これは1925年に日本は署名だけして、1970年に批准発効してますが、第二次世界大戦時には毒ガス禁止原則は一般慣習国際法として成立していたというのが、欧米・日本の国際法学者の通説です。批准してようがしてまいが、積極的反対せずに諸国家によってその条約・宣言・原則の受け入れられている場合、全国家が守るべき法規範となる。例えば最近の例では国際人権規約の自由権規約の人権原則は慣習法として成立していると言われます。そう考えると細菌兵器やほとんどの化学兵器は当時合法でもガス類はちょっとレッドカードのやつもある、ということです。

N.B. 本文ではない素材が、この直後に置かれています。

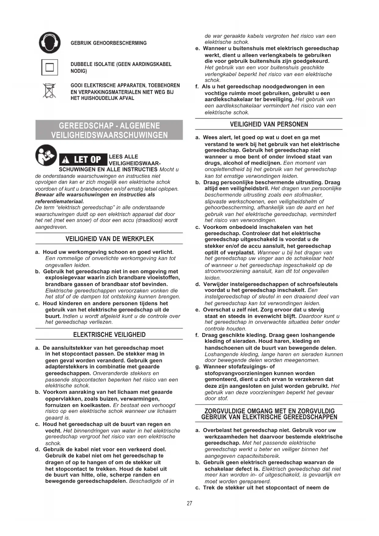 ZORGVULDIGE OMGANG MET EN ZORGVULDIG GEBRUIK VAN ELEKTRISCHE GEREEDSCHAPPEN a. Overbelast het gereedschap niet. Gebruik voor uw werkzaamheden het daarvoor bestemde elektrische gereedschap. Met het passende elektrische gereedschap werkt u beter en veiliger binnen het aangegeven capaciteitsbereik.b. Gebruik geen elektrisch gereedschap waarvan de schakelaar defect is. Elektrisch gereedschap dat niet meer kan worden in- of uitgeschakeld, is gevaarlijk en moet worden gerepareerd.c. Trek de stekker uit het stopcontact of neem de 27accu uit het elektrische gereedschap voordat u het gereedschap instelt, toebehoren wisselt of het gereedschap weglegt. Deze voorzorgsmaatregel voorkomt onbedoeld starten van het gereedschap. d. Bewaar niet-gebruikte elektrische gereedschappen buiten bereik van kinderen. Laat het gereedschap niet gebruiken door personen die er niet mee vertrouwd zijn en deze aanwijzingen niet hebben gelezen. Elektrische gereedschappen zijn gevaarlijk wanneer deze door onervaren personen worden gebruikt.e. Verzorg het gereedschap zorgvuldig. Controleer of bewegende delen van het gereedschap correct functioneren en niet vastklemmen en of onderdelen zodanig gebroken of beschadigd zijn dat de werking van het gereedschap nadelig wordt beïnvloed. Laat deze beschadigde onderdelen voor het gebruik repareren. Veel ongevallen hebben hun oorzaak in slecht onderhouden van elektrische gereedschappen.f. Houd snijdende inzetgereedschappen scherp en schoon. Zorgvuldig onderhouden snijdende inzetgereedschappen met scherpe snijkanten klemmen minder snel vast en zijn gemakkelijker te geleiden.g. Gebruik elektrisch gereedschap, toebehoren, inzetgereedschappen en dergelijke volgens deze aanwijzingen. Let daarbij op de arbeidsomstandigheden en de uit te voeren werkzaamheden. Het gebruik van elektrische gereedschappen voor andere dan de voorziene toepassingen kan tot gevaarlijke situaties leiden. ONDERHOUD a. Laat het gereedschap alleen repareren door gekwaliceerd en vakkundig personeel en alleen met originele vervangingsonderdelen. Daarmee wordt gewaarborgd dat de veiligheid van het gereedschap in stand blijft.

 中国にとっては学説が別れそうな毒ガス禁止宣言・議定書の話をするより、残留兵器を自分たちで掘り起こして中国民間人の人体実験の骨が出てきたほうが日本に国際法違反を問いやすいと考えるでしょう。

>佐々木ぴょん吉郎さま
チベット問題は確かに許されません。民族自決権は国際法上の権利であり、チベット問題は国際関心事項です。でもチベット問題は中国と諸国家、中国と国連の間で利害関係だあるものです。チベット問題があるから、日本も、他の国もどんな国際法違反をしてもよいと言う話にはならないかと。というのは中国のチベット問題が日本の国家としての権利を害するものではないからです。
侵害されるのはチベットの民族自決権だからです。別個にそれぞれ検討されるべきことです。